Design Optimization Considerations - 2023.2 English

Vitis Tutorials: AI Engine (XD100)

Document ID
XD100
Release Date
2024-03-05
Version
2023.2 English

In this section, the reference design is in testcase_dmafifo_opt. From performing the above analysis, it can be seen that the bottleneck of this design contains the following issues:

  • The interface bandwidth is not optimal. The design uses a PLIO width of 32 bits running at 312.5 MHz. Change it to 128 bits running at 312.5 MHz. The relevant code is in aie/graph.h:

    in=input_plio::create("Datain0", plio_128_bits,  "data/input.txt");
    dataout=output_plio::create("Dataout0", plio_128_bits,  "data/output.txt");
    
  • The overhead of the graph iterations is too large. The hierarchy of the design should not be touched. Increase the buffer size from 128 bits to 4096 bits. To avoid deadlock, the FIFO size also needs to be increased. The relevant code is in aie/graph.h:

    connect< >net0(in, k[0].in[0]);
    connect< stream >net1(k[0].out[0], k[1].in[0]);
    connect< >net2(k[0].out[1], k[1].in[1]);
    connect< stream >net3(k[1].out[0], dataout);
    fifo_depth(net1)=1024;
    

    Note: When the FIFO depth is large, the DMA FIFO is used. Do not set the FIFO depth to larger than (or equal to) 8192 for a single DMA FIFO.

  • The kernel is not well-pipelined. As well as increasing the loop count to deal with more data, more instructions should be added in the loop body and a __restrict keyword should be added to the ports to make the tool schedule instructions more freely.
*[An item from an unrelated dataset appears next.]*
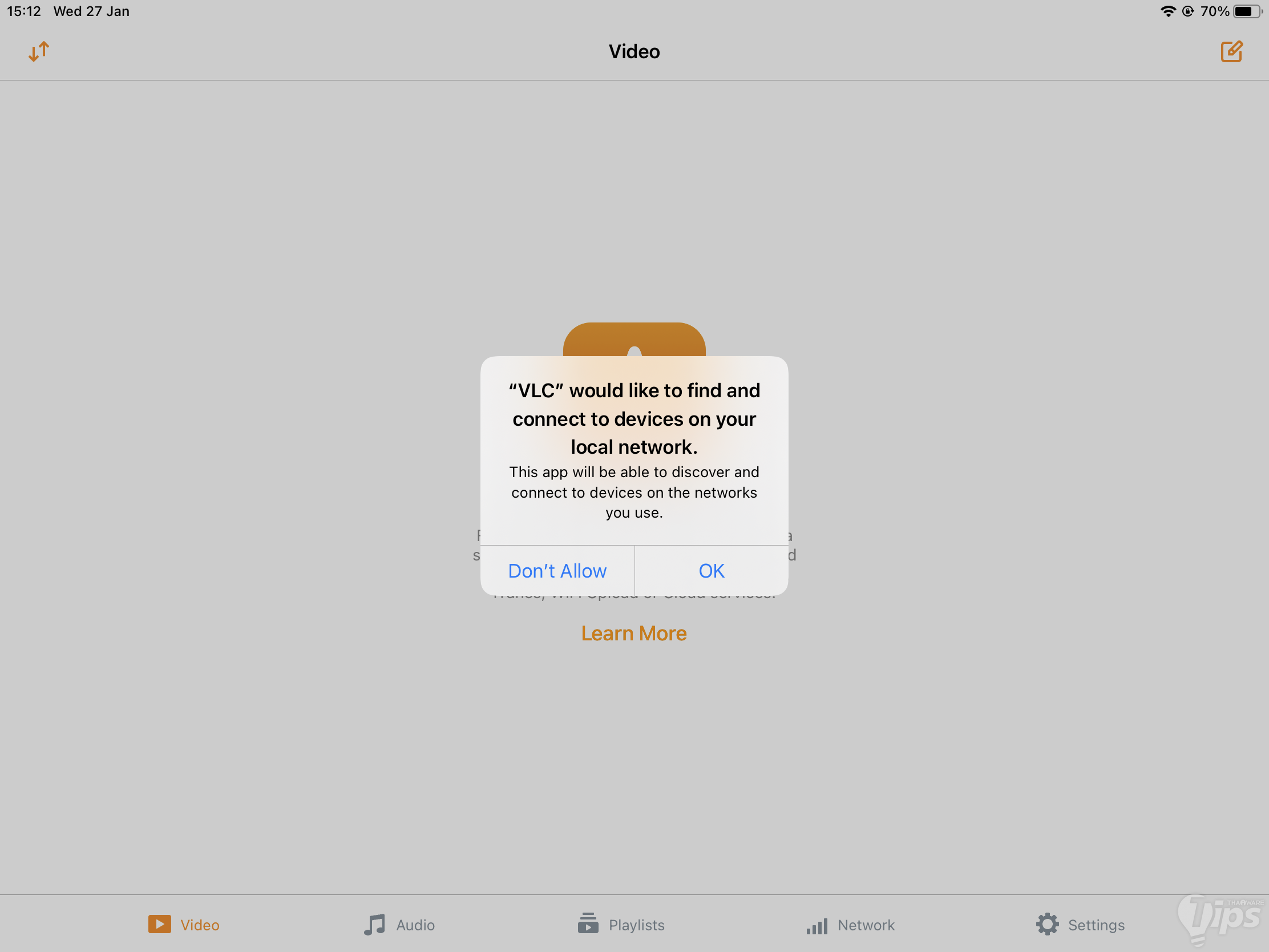 เมื่อเปิดแอปพลิเคชัน VLC ขึ้นมาครั้งแรก จะมีการขออนุญาตเชื่อมต่อไปยังอุปกรณ์อื่นที่อยู่ในเน็ตเวิร์ค ต้องแตะ OK นะครับ อุปกรณ์ของเราจะได้เข้าถึงไฟล์บนคอมพิวเตอร์ของเราได้

The optimized code for aie_dest1 is as follows:

    using namespace adf;
    __attribute__ ((noinline)) void aie_dest1(input_buffer<int32,extents<1024>> & __restrict in, 
        output_stream<int32> * __restrict out, output_buffer<int32,extents<1024>> & __restrict outm){
    	auto inIter=aie::begin_vector<4>(in);
    	auto outmIter=aie::begin_vector<4>(outm);
    	aie::vector<int32,4> tmp;
    	for(int i=0;i<128;i++)
    	chess_prepare_for_pipelining
    	{
    		tmp=*inIter++;
    		writeincr(out,tmp);
    		*outmIter++=tmp;
    		tmp=*inIter++;
    		writeincr(out,tmp);
    		*outmIter++=tmp;
    	}
    }
    

    Similar optimization is done for aie_dest2. For more information about loop analysis and optimization, refer to the AI Engine Kernel Coding Best Practices Guide.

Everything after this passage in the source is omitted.